Базилевский и Малинин окончили Политехнический в одном и том же возрасте — в 25 лет, только Базилевский — на одиннадцать лет позже. Он работал [145] в Балтийском морском пароходстве, потом наблюдал за перестройкой двух легких крейсеров типа «Светлана» в танкеры. На одном из них — «Азнефть» — ходил в море. После перевода в Регистр СССР, размещавшийся тогда в Москве, изучал чертежи, составленные другими, а думал о субмаринах. Но лодок страна пока не строила. В конце 1926 года Базилевский узнал: организована группа для проектирования первых советских подводных кораблей. Выяснив, кто возглавил новое дело, Базилевский написал письмо Малинину, а через некоторое время позвонил Борису Михайловичу по телефону.

— Да, письмо ваше получил, — ответил Малинин. — Постараюсь со вниманием отнестись к вашей просьбе, а пока имеется встречная: попробуйте, пожалуйста, теоретически исследовать влияние глубины на работу гребного винта...

Базилевский понял, что это — вступительный экзамен. Тем же вечером сел за стол. Задача, поставленная Малининым, оказалась увлекательной. Примерно через месяц отправил несколько листков с расчетами и с нетерпением ожидал ответа. Но он пришел не по почте. Зазвонил телефон. Сергей Александрович сразу узнал голос: «Я в Москве. Если не трудно, загляните ко мне, живу у сестры Марины. Адрес...» Имя сводной сестры Малинина — Марины Михайловны Малининой, а по мужу Расковой, будущего прославленного авиатора и Героя Советского Союза, через десять с лишним лет узнал весь мир. В квартира Марины Михайловны и состоялась первая встреча Малинина и Базилевского. «Расчеты ваши получил, — сказал Борис Михайлович. — Кое-какие соображения разделяю, с некоторыми готов поспорить, но это уже после, когда придете к нам работать. Петр Федорович Папкович вас горячо рекомендовал. Таким образом, мы бы вас все равно нашли и пригласили в свою компанию. Пока нас немного, всего несколько человек. Но дальше, надо полагать, разрастемся». Провожая, спросил: «А чем это вы Петру Федоровичу, если не секрет, так приглянулись? Ведь поработать с ним, насколько мне известно, вы не успели, были лишь его студентом?»

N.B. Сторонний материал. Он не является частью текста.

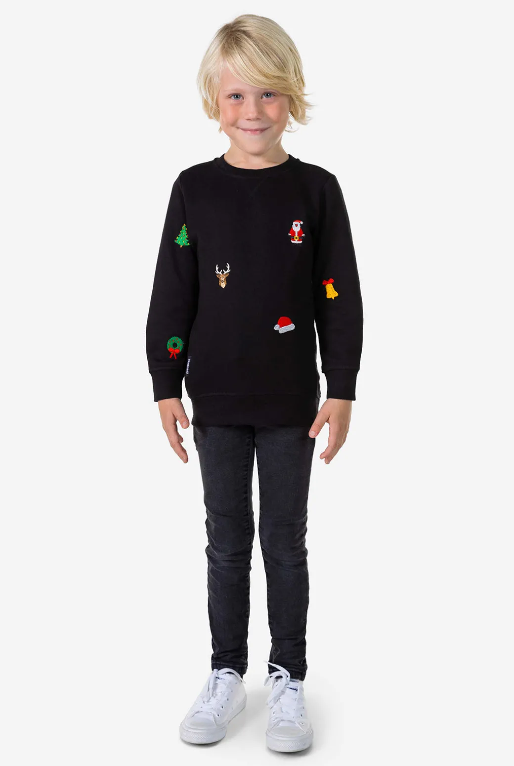 Beleef een vrolijke en gelukkige kerst met deze stijlvolle X-Mas Icons trui. Dit tijdloze, zwartgekleurde stuk is bedekt met sneeuwmannen, koekjes en zuurstokken, dus het is al gelijk een winnaar op het volgende kerstfeest! Als je op zoek bent naar een meer comfortabele en casual kerstlook waar uw kind dol op zal zijn, dan is dit de trui voor hem of haar.
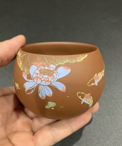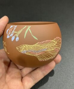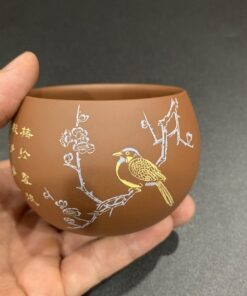 Ly trà chủ tử sa nê hưng vẽ tay thủ công làm chén chủ màu đỏ 150ml CNH26
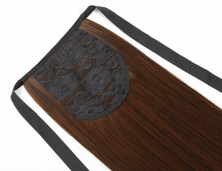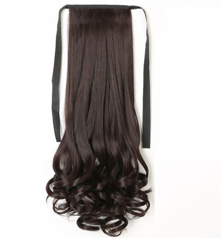 ポニーテールウィッグ 耐熱 ダークブラウン カール 48cm エクステ アレンジ
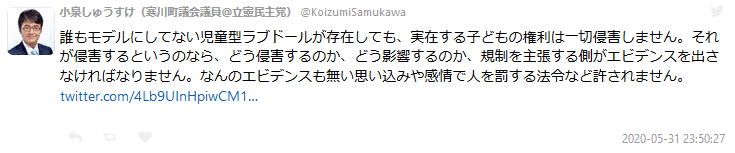 日本立憲民主黨議員小泉秀輔於個人推特上表示「兒童型等身娃娃本來就沒有仿照特定的兒童作藍本設計而成,對現實的兒童根本不會造成人權侵害。要說這也算是侵害的話,究竟是如何侵害,怎樣造成影響,主張立法規管的一方理應提出相當証據。毫無証據的隔山觀海或主觀臆斷而對人執法的法律是不被允許的。」

Все началось на заводе, где восстанавливали для молодого Советского Военно-Морского Флота эскадренные миноносцы типа «Новик». Послужившие прототипом [146] современных эсминцев всех флотов, «Новики» в годы первой мировой войны были самыми мощными и быстроходными кораблями своего класса. Головной корабль серии на мерной миле развил неслыханную скорость, которая довольно долго оставалась непревзойденной, — 37,15 узла.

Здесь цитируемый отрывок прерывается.